Pembrolizumab (Keytruda®)

Pembrolizumab blocks the action of the PD-1 protein on immune cells, enabling the immune system to recognize and kill cancer cells. Pembrolizumab is approved to treat early TNBC patients at a high risk of recurrence. High risk means either the tumor size is 1-2cm in diameter with positive lymph nodes or the tumor size is over 2cm in diameter with or without positive lymph nodes. The KEYNOTE-522 study compared treatment before and after surgery with pembrolizumab and chemotherapy or chemotherapy alone. Results showed that the cancer did to come back or spread in 84.5% of patients on pembrolizumab and chemotherapy, compared to 76.8% on chemotherapy alone²⁶.

To be eligible for treatment the tumor needs to have enough of the PD-L1 protein on its surface. In this case, the tumor must have a combined positive score > 10. Pembrolizumab can be given as neoadjuvant treatment (before surgery) with chemotherapy and then as adjuvant treatment (after surgery) alone²⁷.

Atezolizumab (Tecentriq®) with nab-paclitaxel (Abraxane®)

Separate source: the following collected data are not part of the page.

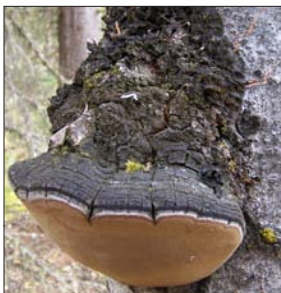
Aspen trunk rot (Phellinus tremulae)

There is a high risk that defect trees will fail under very high levels of disturbance (LOD-4), and for this reason, most trees with structural defects are dangerous for LOD-4. The exceptions are cedars. To be considered safe, however, a defect cedar can only have superficial damage with no evidence of decay in the surrounding stem wood. Roots must have no visual stability problems, and damage can affect no more than 25% of the support roots. Lean must be minimal with no sign of rooting problems (disease, damage, lifting mat, or unstable soils). If these conditions are not met, the cedar tree is dangerous.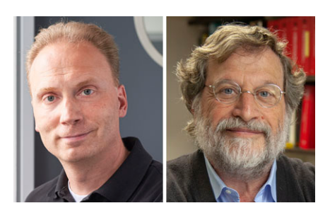
Insights from Falk Nimmerjahn and Jeffrey V. Ravetch.

In their paper, Grey and Kunkel (1964) made use of the fact that patients with multiple myeloma are characterized by an expansion of a single malignant B cell clone secreting large amounts of one intact IgG molecule or a single antibody light chain (also known as Bence Jones protein), respectively. By injecting purified 7S \gamma myeloma proteins obtained from different patients into rabbits, they were able to raise rabbit antisera directed against different human 7S \gamma myeloma proteins. Using these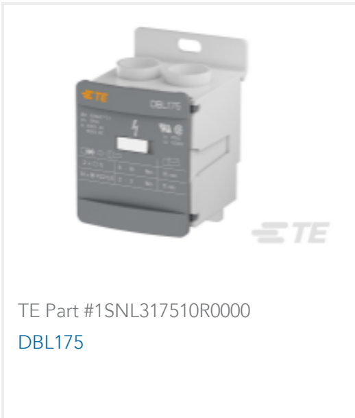
TE Part #1SNL317510R0000 DBL175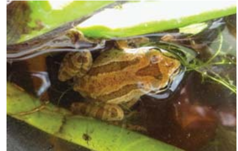
Eager to check out his newly-renovated home

Recently problems had developed. There was little swimming room for the mosquito fish to eat larvae or for frogs and toads to spawn, and this year someone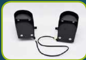
Footshoes with straps Lightweight and fully adjustable with “quick release” straps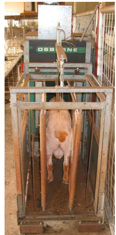
Bucks at the FIRE feeder.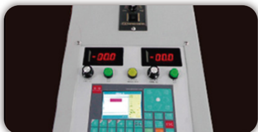
Image 1 - LCD Control Panel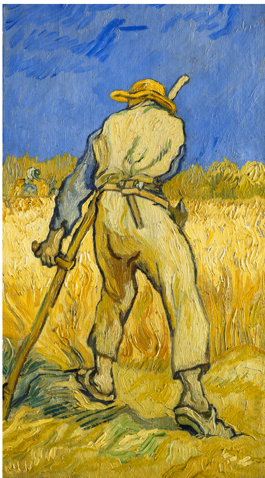
Figure 7. Vincent van Gogh, 1853–1890: Le Moissonneur

open their mouths,” the Lord declares that He is “not well pleased” and proclaims “wo unto such,” for His “anger is kindled against them.” 135

Atezolizumab blocks the PD-L1 protein on cancer cells, preventing it from binding to the PD-1 receptor on immune cells. This enables the immune system to recognize and kill cancer cells. It is approved in combination with the chemotherapy drug nab-paclitaxel (Abraxane®) to treat TNBC that is locally advanced (stage 3), cannot be operated on or is metastatic. This therapy can increase overall survival by around 9.5 months of metastatic or locally inoperable TNBC patients that are PD-L1-positive¹⁵. Immune cell staining must be done to determine if the tumor has enough of the PD-L1 protein on its surface. To be eligible for treatment immune cell staining needs to be > 1%.

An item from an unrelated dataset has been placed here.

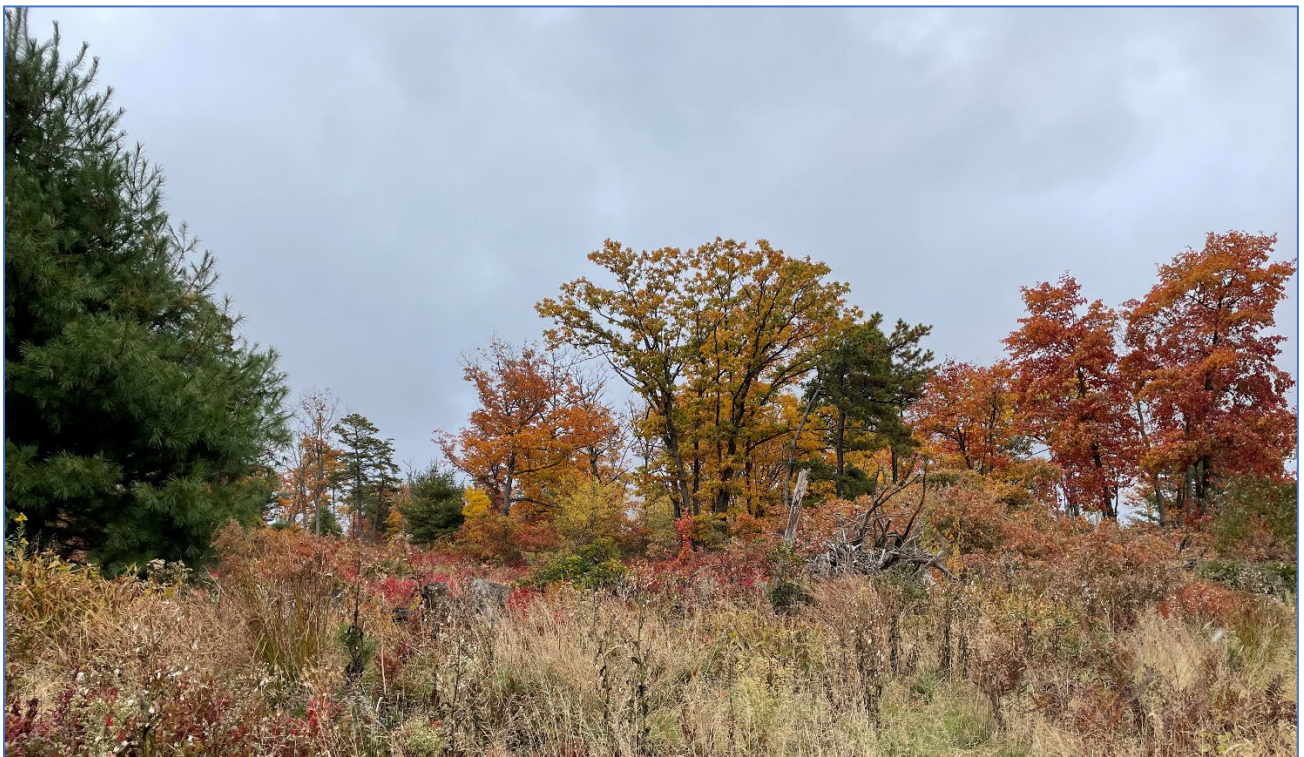
Sand Mountain region, Centre County.

In Bald Eagle State Forest District, the Mifflin, Juniata, and Union County service forester said most deciduous species are still showing peak color, which should remain through the weekend. Oaks are also contributing to the color palette now, with a few still showing green for excellent contrast. Visitors to the district should consider a picnic in the beautiful Hairy Johns Picnic Area, or an excursion to Poe Valley, Reeds Gap, or R.B. Winter State parks.

Antibody-drug conjugate (ADC)

Sacituzumab govitecan (Trodelvy®) is a promising type of drug called an antibody-drug conjugate (ADC), which means it is made up of a monoclonal antibody linked to a chemotherapy drug. In this case, it is made up of the sacituzumab monoclonal antibody, linked to the chemotherapy drug SN-38. Sacituzumab targets the TROP-2 protein, which is a new protein found in abundance in this type of cancer²⁹. When sacituzumab targets and binds to the cell the chemotherapeutic becomes active, killing the cell. This therapy has now been approved for use as a third line treatment option for TNBC that is locally advanced (stage 3), cannot be operated on, or is metastatic.

Research and new treatments

Research has shown that TNBC is not a single subtype. Recent studies are showing that triple-negative breast cancer can be divided into different groups depending on the molecules/proteins cells express. In fact, triple negative breast cancers are very heterogeneous and have diverse characteristics. For example, using gene analyses, some research groups have identified six different TNBC subtypes: two basal-like (BL1 and BL2), an immunomodulatory (IM), a mesenchymal (M), a mesenchymal stem–like (MSL), and a luminal androgen receptor (LAR) subtype ²⁸ . These types of classifications are key for finding new therapeutic routes. 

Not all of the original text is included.